Can you stand tall, steady and strong like a mountain and at the same time stand in simplicity, beauty, ease and grace. This pose becomes the foundation of all our other standing poses and teaches us to breath and stand in our own power and use both Sthira and Sukha to harmonize our entire being, body, mind, and spirit.

To find your strong sweet mountain, start from the feet up.
Root down through the four corners of each foot and stay actively rooted in your feet. Keep a gentle micro bend in your knees, lift your thighs, and lift your pelvic floor. Hug your belly toward your spine, your front ribs toward your back ribs, a slight lift of your heart, and allow your shoulder blades to wrap back and down. Active through your arms and palms and extended through your fingers toward the earth. Lengthen the back of your neck (slight tuck of your chin toward your chest) and lift the crown of your head to the sky. Take full and deep breaths to fill the belly, ribs, and chest. Find a soft steady gaze and be ready to face each challenge from your place of strength and grace.
You can take Tadasana with your feet hips distance or with your big toes touching with a slight space between your heels. Extended Mountain with the arms up or palms at the heart center for another few variations. Invite yourself to get outside today, admire a mountain, ask a friend to join you on a walk/hike or a coffee/tea to catch up, or just take a deep easy breath rooted into the earth and lifted toward the bright blue sky.

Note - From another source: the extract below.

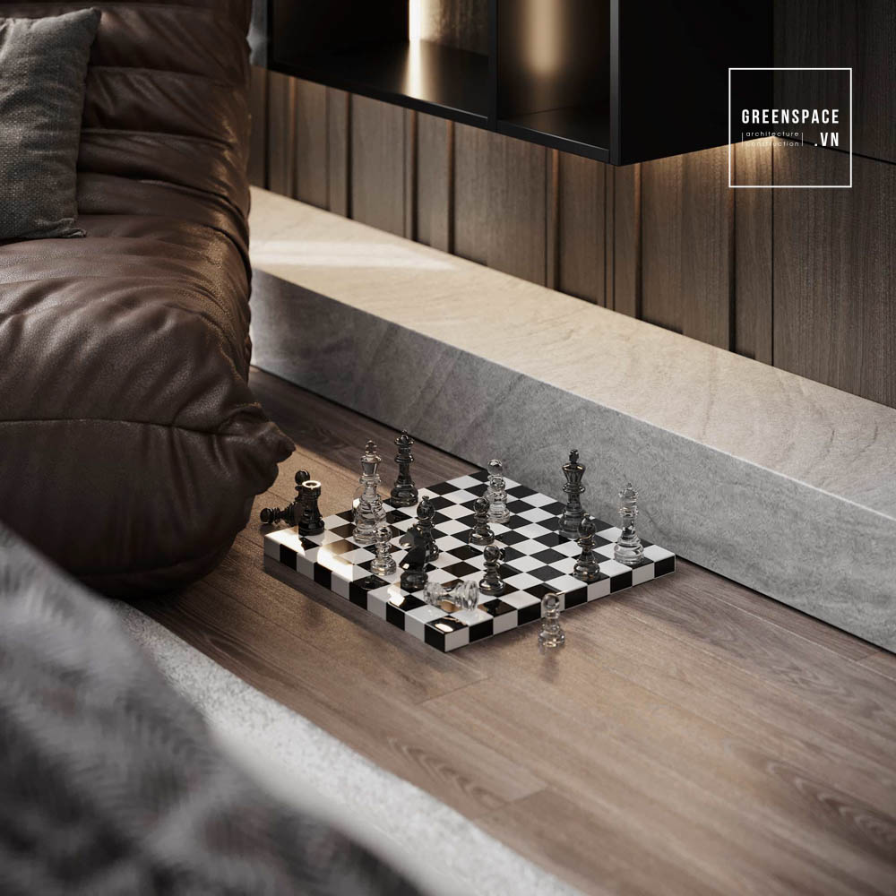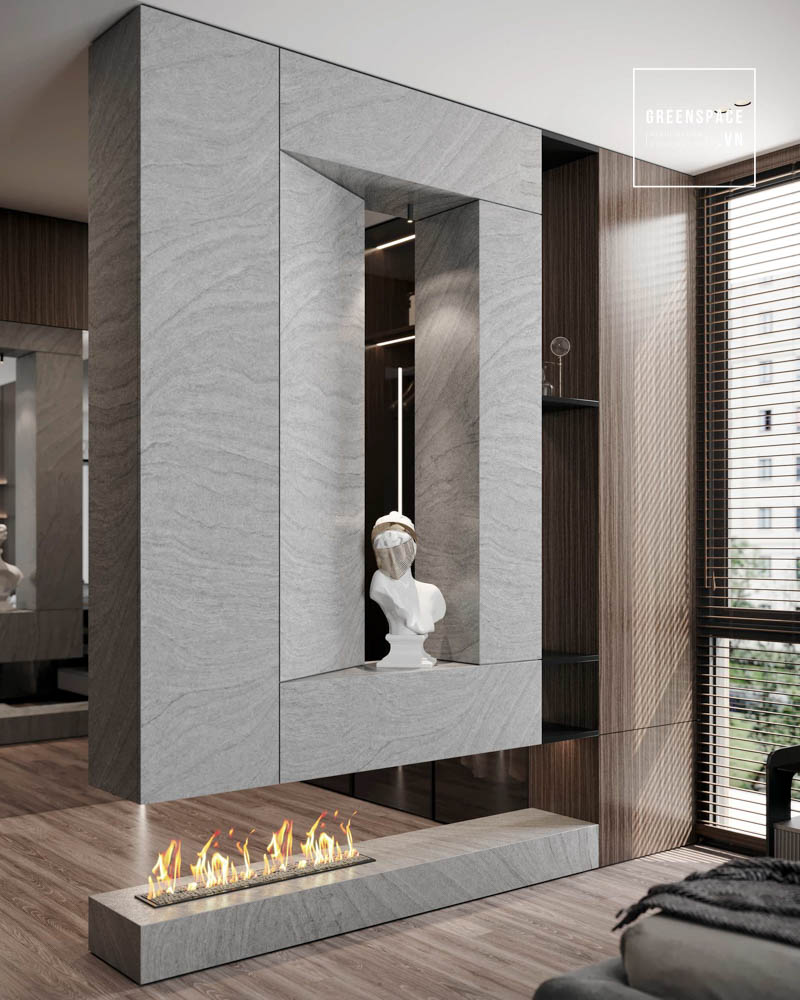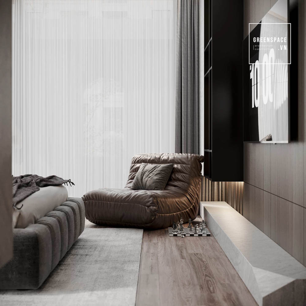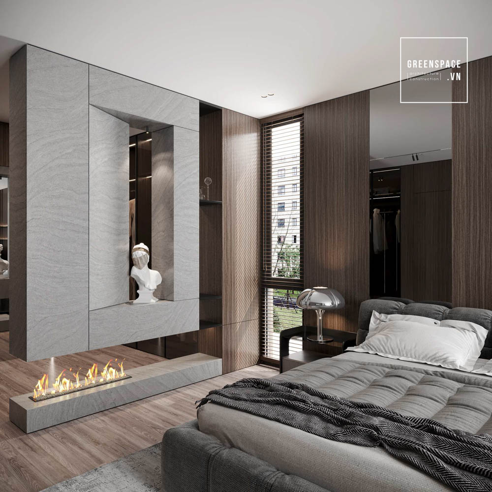 Không gian nội thất phòng ngủ mang phong cách hiện đại, gam màu trung tính tạo cảm giác sang trọng và thư giãn. Bố cục không gian mạch lạc, phân tách rõ khu nghỉ ngơi, làm việc và lưu trữ. Chất liệu gỗ kết hợp đá và kính giúp tổng thể hài hòa, ấm áp nhưng vẫn tinh tế. Hệ tủ âm tường và vách trang trí tối ưu diện tích sử dụng hiệu quả. Ánh sáng tự nhiên được khai thác tốt, kết hợp đèn chiếu sáng tạo chiều sâu không gian.

This month will be a combination of our peacebank yoga instructors and staff in the poses, and a few of our favorite pictures from the past three years. We will do our best to offer a few variations to each of the poses so you can cater the challenge to your own practice. We invite you to get creative and take your photos with friends in the studio, as this gives you the full 5 points. If you do take your photos outside of the studio, try them out in nature, with loved ones, with pets, in new adventurous locations, and connect with fellow challengers to help take your photos!
Sending tons of gratitude to all of you and hope to see you on the mat today, Monday Jan 1st to kick off the challenge and the year together.
Happy New Year!!!!! Let's make January an unforgettable and inspiring month :) 

With love,


January 2, 2018

Balasana, Child's Pose

Balasana, Child's Pose

Child’s Pose “Balasana”

 “If the only prayer you said in your whole life was, ‘thank you,’ that would suffice.”
~ Meister Eckhart

 How wonderful would it be to start your every day with grounding into your body, a quiet moment to focus your breath, a chance to center your thoughts toward gratitude and set an intention for the day, and offer a humble bow/hug toward the earth. Child’s pose is just that!
Some of you may know that I am expecting my first child and I must say, I have never used Child’s pose so often in my days and in my practice than I have over the last 8 months. In the beginning, due to fatigue, my practice was just Child’s pose. After teaching all day, this space was a chance for me to turn in and re-energize. After feeling tired for the first few weeks, I hit a stride of energy, but had to work through some low back pain and discomfort…once again, my best friend was Child’s pose! Now as I find myself in the final stretch of the last few weeks, this pose is needed more than ever. My husband has also been a pillar of support and strength during the last few months, but after our puppy ate chocolate (she is ok, thank goodness), he helped me paint at the studio, moved a car full of supplies, cooked dinner, and cleaned the house...he too collapsed into this pose to revive, reenergize, and recuperate from the day!!!
What an incredible gift this pose gives each of us. It welcomes with open arms, without judgment, and lets us stay as long as we need. I am forever grateful for this pose of wisdom, slowing down, grounding, and support. Needless to say, this will be the first pose I teach our little one when the time for tantrums arrives.
As I think of this special pose of support and this prayer of gratitude from our quote today, it seems the perfect chance to remind all of us to truly thank someone special in your life today. Out of the blue, not after they have helped you, but think of one (or more) special people in your life that you are thankful for and let them know it. It will make their day, and probably yours too.
 We introduce this pose early in the Challenge, as it is your best friend when practicing yoga everyday! It gently stretches your hips, thighs, low back, and ankles. It calms the brain and helps relieve stress and fatigue. It relieves back and neck pain when done with the head and torso supported. This pose activates the parasympathetic nervous system (system of rest and digest) and relaxes the body in the same way a cat nap does…And who doesn’t need a quick reset?
There are a few variations: we will start with the extended child’s pose. Kneel on the floor. Bring your knees out wider than your hips with your big toes together to touch (toes are un-tucked). Sit your hips toward your heels, exhale and lay your torso down between your thighs. Walk your arms forward and rest your forearms and palms to the Earth. Take a few deep breaths, filling your low back, back ribs, and back of your heart. Let your forehead rest on the mat/earth.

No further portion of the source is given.